The file used in this example can be found here. The information in the file is regularly updated, so do not be concerned if your numerical values are slightly different when following along. Differences can be caused by addition of new data.
mydata <- read.csv("C:/Users/baile/Desktop/MBID/CS_6440/Practicum/COVID-19_Reported_Patient_Impact_and_Hospital_Capacity_by_State_Timeseries.csv")
This will read the data from the file and store it in the variable mydata
. But what is my data? That we can figure out by using class()
.
class(mydata)
"data.frame"
mydata
is a data.frame
. You may have worked with them before in other languages such as Python. If we want to look at this data.frame
, we can use View()
.
View(mydata)
View invokes a data viewer that is in a spreadsheet style, allowing us to look at matrix-like R objects.
Now that we have the data imported and we know the format, we can start working with the data.frame to do an analysis!!
To get specific information out of a data.frame
, we use $. See the example below, where I take the critical_staffing_shortage_anticipated_within_week_yes
column and store it in the variable crit_short
. This then allows us to do a variety of analyses on the crit_short
variable, such as mean, standard deviation, range, etc.
crit_short <- mydata$critical_staffing_shortage_anticipated_within_week_yes
mean(crit_short)
sd(crit_short)
Based on the results from the above code, the average number of hospitals reporting a critical staffing shortage anticipated within the week across all states and dates is 13.27 +/- 24.24 (mean +/- std).
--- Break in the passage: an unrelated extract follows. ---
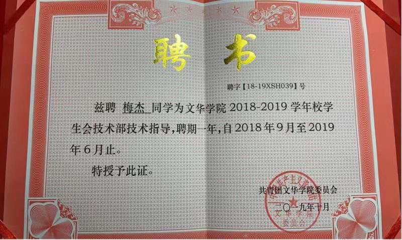 在大二梅杰留部并竞选上副部长,他提到“细心是所有部长应该具有的品质”,他不仅用自身行动践行了这句话,还将这种品质传递给了自己的部委。“有学长在就很放心。”梅杰手下的部委这样给予评价。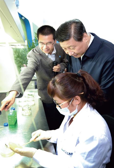 (2013年9月,习近平总书记率中央政治局全体委员到中关村集体学习,视察大北农最新生物育种成果。大北农集团董事长邵根伙博士向习近平总书记汇报农业生物技术的前沿发展和大北农最新科技创新成果。)

We can also look at other items regarding this data, such as the range.
range(crit_short)
0 201
This tells us that the number of hospitals reporting critical staffing shortages across all states and dates is between 0 and 201.
Another thing we might want to look at, is how many times each of the states appears in the spreadsheet. To do this, we can use table()
to get a count.
table(mydata$state)
AK AL AR AZ CA CO CT DC DE FL GA HI IA ID
384 466 401 405 411 393 389 379 380 395 406 466 406 394
IL IN KS KY LA MA MD ME MI MN MO MS MT NC
418 466 435 406 411 380 406 406 406 466 413 417 466 466
ND NE NH NJ NM NV NY OH OK OR PA PR RI SC
406 406 380 406 393 448 393 406 406 412 406 411 404 405
SD TN TX UT VA VI VT WA WI WV WY
382 393 466 387 405 368 390 408 406 416 406
You can also store this table as a variable and do further analysis on it.
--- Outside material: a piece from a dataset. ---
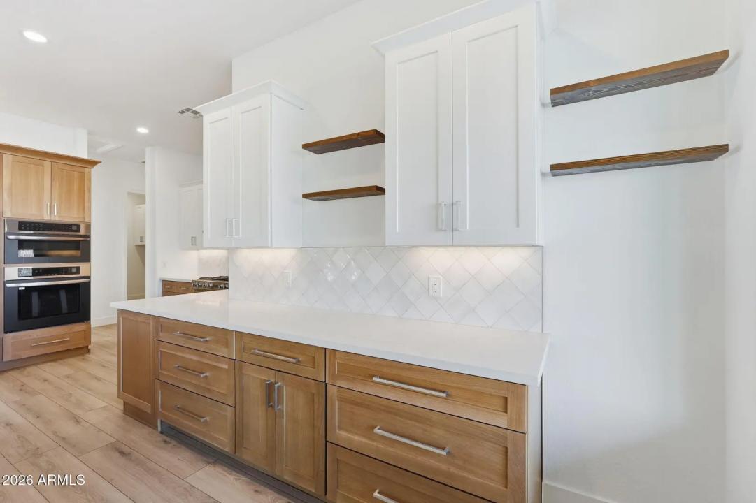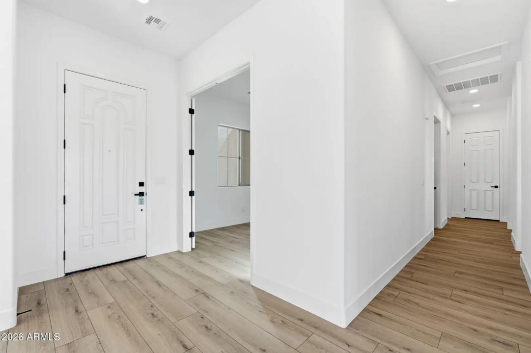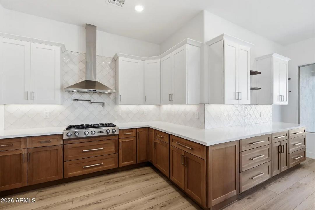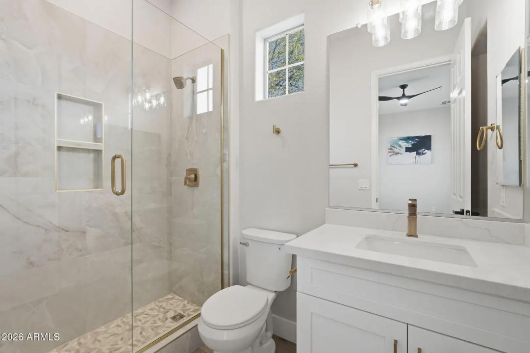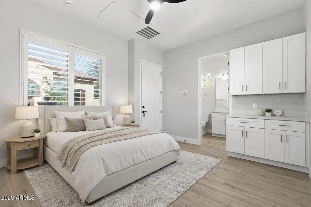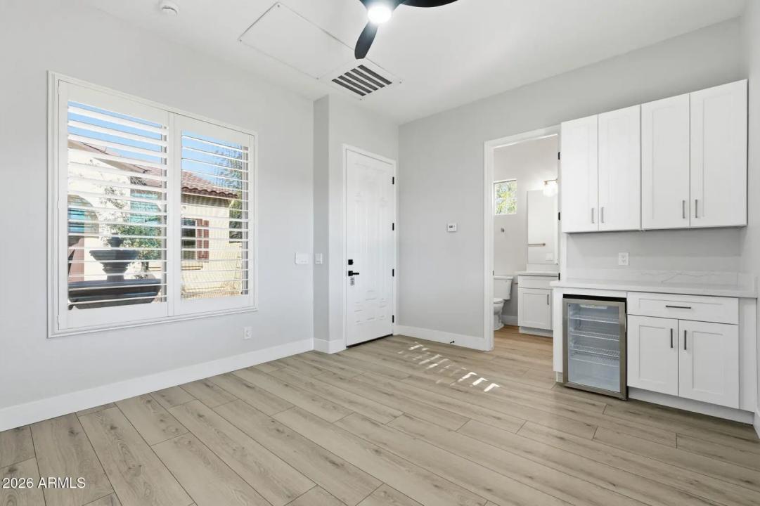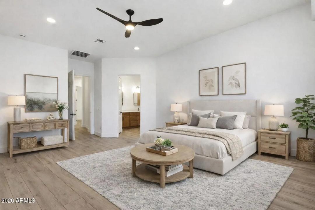 Stunning lakefront retreat in the heart of CantaMia at Estrella, Goodyear's premier guard-gated 55+ community! This exceptional Ballad floorplan commands one of the most coveted positions in the neighborhood, a waterfront lot with open space on a second side delivering unmatched privacy and breathtaking lake & mountain views. Thoughtfully transformed top to bottom in 2025 with a gorgeous new kitchen, designer bathrooms and fresh flooring throughout -- simply move in and enjoy. Private guest suite with separate entrance is ideal for visiting family. Owned solar with zero lease obligation means dramatically reduced utility costs from day one. Spacious great room opens to covered patio where Arizona sunsets over the lake become your daily backdrop. World-class community amenities include

One of the ways to do a quick analysis of all the columns and see general information is to use summary()
.
summary(mydata)
state date
Length:21746 Length:21746
Class :character Class :character
Mode :character Mode :character
critical_staffing_shortage_today_yes
Min. : 0.00
1st Qu.: 0.00
Median : 3.00
Mean : 11.08
3rd Qu.: 14.00
Max. :188.00
critical_staffing_shortage_today_no
Min. : 0.00
1st Qu.: 0.00
Median : 28.00
Mean : 53.52
3rd Qu.: 84.00
Max. :490.00
critical_staffing_shortage_today_not_reported
Min. : 0.00
1st Qu.: 2.00
Median : 8.00
Mean : 33.41
3rd Qu.: 37.00
Max. :492.00
critical_staffing_shortage_anticipated_within_week_yes
Min. : 0.00
1st Qu.: 0.00
Median : 4.00
Mean : 13.23
3rd Qu.: 18.00
Max. :201.00
critical_staffing_shortage_anticipated_within_week_no
Min. : 0.0
1st Qu.: 0.0
Median : 29.0
Mean : 51.5
3rd Qu.: 80.0
Max. :473.0
critical_staffing_shortage_anticipated_within_week_not_reported
Min. : 0.00
1st Qu.: 2.00
Median : 8.00
Mean : 33.27
3rd Qu.: 36.00
Max. :492.00
..........
Here we get a look at each of the columns, which can be very useful in your initial analysis!